Günter Faltin (born 25 November 1944) is a German economist and entrepreneur.
Gunter Faltin was born on 25 November 1944 in Bamberg, Germany. He graduated with a Dr. rer.soc. from the University of Konstanz in 1972.
In 1977 he became Professor of Economics at the Free University of Berlin, where he established the entrepreneurship department. Since 2013 he has been teaching as visiting professor at Chiang Mai University.
He was appointed for several years visiting professor to Asia by the German Academic Exchange Service. He gave lectures and workshops on entrepreneurship in many countries, among them the US, Canada, Mexico, Brazil, Russia, Georgia, South Korea, and Japan. From 1984 to 1988 he was deputy president of the German Society for Education, Invention and Innovation,(DABEI[1]) Berlin Section.
In 1999 he founded the Entrepreneurship Lab at Free University of Berlin, which was adopted by Volkswagen's "Innovationscampus Wolfsburg"[2] in 2000. From 2000 - 2003 he served as an expert for the project "Entrepreneurship in Education and Training in Russia and Ukraine", he conducted a series of workshops for the European Union's European Training Foundation in St. Petersburg and Kiev from 2000 to 2003. In 2010 he followed an invitation of the government of Bhutan for a keynote to the conference on “High Tech and Entrepreneurship".

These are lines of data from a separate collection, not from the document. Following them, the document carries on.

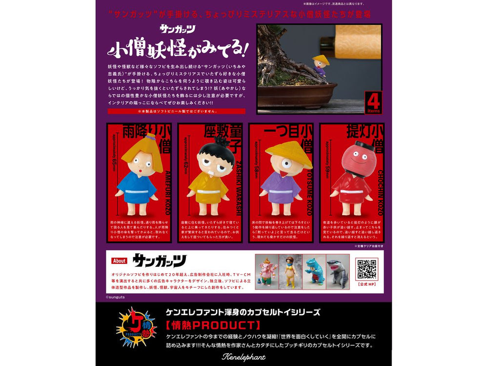 妖怪や怪獣など様々なソフビを生み出し続ける『サンガッツ』が手掛ける、ちょっぴりミステリアスでいたずら好きな小僧妖怪たちが登場!
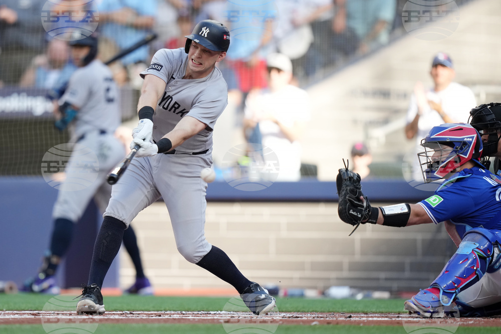 Players listen to the Canadian national anthem before Game 1 of baseball's American League Division Series between Toronto Blue Jays and the New York Yankees in Toronto, Saturday, Oct. 4, 2025. Frank Gunn/The Canadian Press via AP)
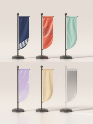 3D渲染风格的道旗设计展示图,浅色背景,上下两行对齐排列共六个道旗造型,每个道旗拥有独特的配色方案、样式设计和材质表现。道旗主体为垂直长方形旗帜,搭配金属质感黑色旗杆和圆形底座,旗杆顶部有小圆球装饰。第一行从左到右分别为:深蓝色哑光布料道旗,旗帜边缘有白色细条纹装饰;橙红色高光缎面道旗,旗帜中央有简约几何图案;浅绿色磨砂塑料质感道旗,四角有圆角处理。第二行从左到右分别为:淡紫色透明亚克力材质道旗,带有细微磨砂纹理;米黄色亚麻布道旗,表面有自然布纹肌理;浅灰色反光金属质感道旗,边缘有抛光处理。整体设计简洁现代,光影柔和,物体边缘清晰,具有产品展示图的专业感和真实质感,无任何文字、LOGO、二维码及电话地址等元素。
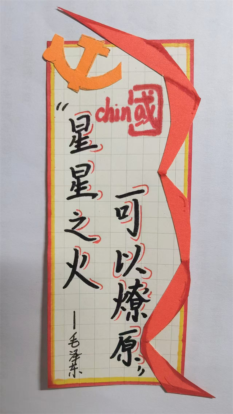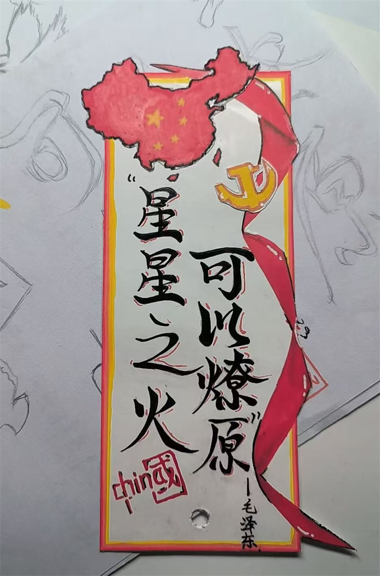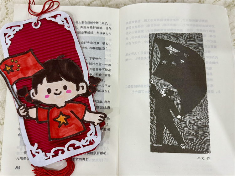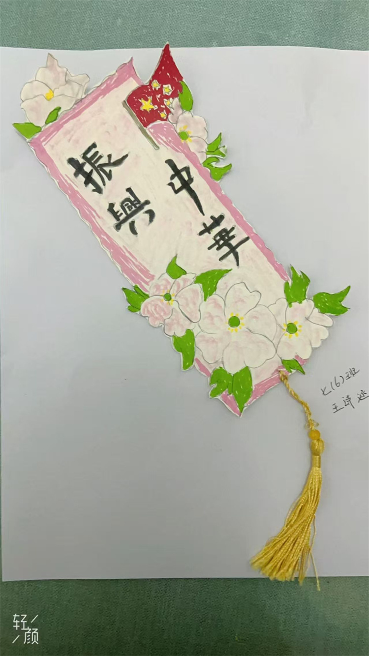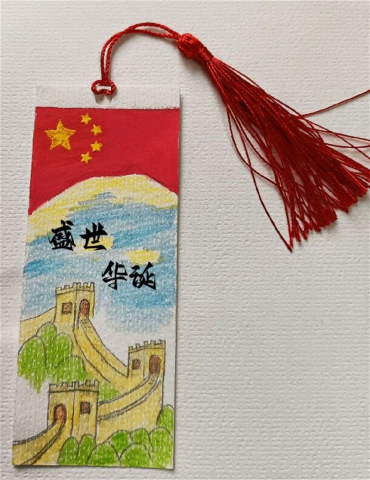 那些小巧的书签,像是“可以随身携带的爱国小卡片”。我们用卡纸、木片、树叶等材料,做出各式各样、富有创意的小书签。虽然不大,却装满了我们对祖国的热爱和祝福。
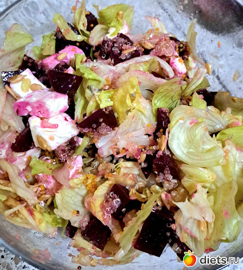 Ингредиенты: отварная свекла, киноа, сыр фета, салат айсберг, семечки (вообще-то тыквенные топчик, но их не было в наличии), французская горчица, оливковое масло.
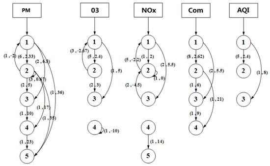 The Markov chain method is used to describe the transition process from one state to another []. This transition needs to meet the requirement of being “memoryless”—that is, the distribution probability of the next state can only be determined by the current state. In this paper, we group papers that study the same pollutant and use the same prediction method into one category and define five levels based on the number of publications: Level 1: 0–1 papers; Level 2: 2–5 papers; Level 3: 6–10 papers; Level 4: 11–30 papers; and Level 5: more than 31 papers. The Geotree software was applied to draw the Markov chain from 2000–2009 to 2010–2018. Then, the changes in development status were quantitatively analyzed for each level in the two above periods to identify research hotspots.
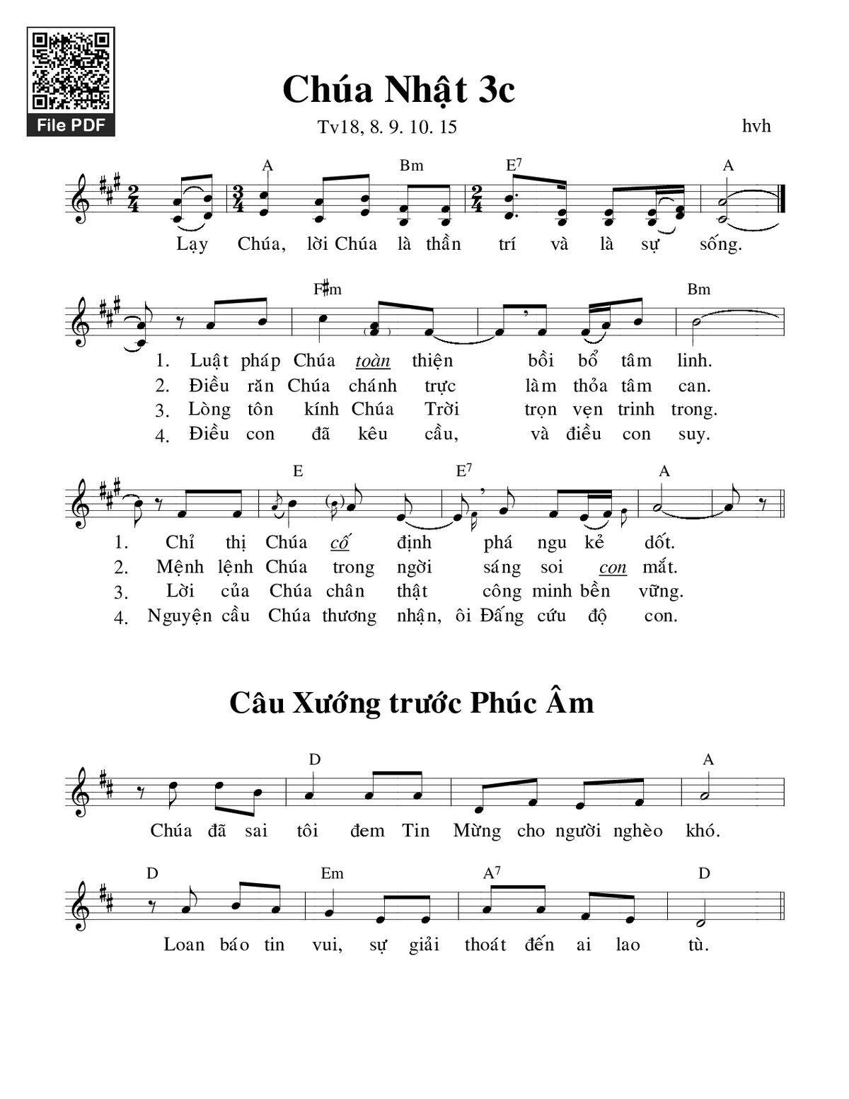 Sheet PDF with the same name Thánh Vịnh 18, Chúa Nhật 3C Thường Niên:

In 1985, he founded the Projektwerkstatt GmbH, based on the "Teekampagne" ("tea campaign"). The "Teekampagne" is the world's largest importer of Darjeeling leaf tea, according to the Tea Board of India. In 1992 Faltin launched and sponsored the reforestation project S.E.R.V.E. ("Save the Environment & Regenerate Vital Employment"); the WWF is taking charge of the project on location in Darjeeling, India. Faltin is business angel and coach of startup companies such as eBuero AG (2001), RatioDrink AG (2006), and Waschkampagne.

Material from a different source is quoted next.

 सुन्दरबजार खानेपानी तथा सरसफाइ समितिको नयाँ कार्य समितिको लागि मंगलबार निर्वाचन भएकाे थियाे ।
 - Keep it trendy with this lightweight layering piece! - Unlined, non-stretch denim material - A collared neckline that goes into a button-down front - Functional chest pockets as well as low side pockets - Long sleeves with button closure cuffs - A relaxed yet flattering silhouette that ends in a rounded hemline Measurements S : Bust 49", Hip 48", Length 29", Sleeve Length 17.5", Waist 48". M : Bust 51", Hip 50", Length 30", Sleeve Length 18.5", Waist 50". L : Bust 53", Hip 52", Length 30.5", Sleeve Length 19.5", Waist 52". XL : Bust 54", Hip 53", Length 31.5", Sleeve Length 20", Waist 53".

In 2001 he established the Stiftung Entrepreneurship, a foundation aimed at furthering entrepreneurship and hosting the yearly "Entrepreneurship Summit".
Central to Faltin's teachings is that entrepreneurship today is available to everybody, not just for those with capital and patents. He dissociates clearly entrepreneurship from business administration. In a postindustrial society a well thought out entrepreneurial design is more decisive for the success of a start-up company than having much capital.
Faltin has earned the following awards and honours:
In his best-selling book Brain Versus Capital (English translation 2013, original title Kopf schlägt Kapital), he proposes a radically new approach to generating entrepreneurial ventures with an emphasis on ecologically and culturally sensitive issues.